Modeling International Police Missions
Randall K. Listrom
International Police Advisor
Nation Building is the process of establishing national identity by the power of the state (Karl Wolfgang Deutsch, 1966). This would include creating a national flag, language, stadiums, and airlines. These are often efforts “to redefine the populace of territories that had been carved out by colonial powers or empires without regard to ethnic, religious, or other boundaries” (Deutsch). The attempt is to bring solidarity to a people that don’t always have a great deal in common.
State Building, on the other hand, is the process of increasing capacity of government to govern. Three dimensions are normally attributed to this building activity: security; political; and economic (Persson, 2012). Though Nation Building and State Building are often used interchangeably, they are distinct activities.
International Police Missions target justice reform (the security dimension), and are only one part of the larger effort at State Building. These Missions focus on increasing the sustainable capacity of a host nation to police the population under the constraints of representative policing. However, though they are only one part of the State Building scheme, security and justice reforms are critical in the overall State Building effort. Citizens must feel both safe and not disenfranchised in order for them to support governance.

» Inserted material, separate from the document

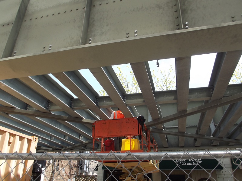 Dempster viaduct showing most cross beams in place and workers bolting angular brace to east side -- 4/27/12

The road to successful Police Missions is one strewn with many potholes. Most venues are emerging from conflict (external and/or internal). Conflict and governmental instability intrinsically lead to corruption and lawlessness. Social and community infrastructure may have been unattended. This environment typically will also be one in which educating the population has been minimized by the previous regime. The result is often an unskilled workforce unconcerned of what future is possible, and relying of corruption and crime for influence and survival.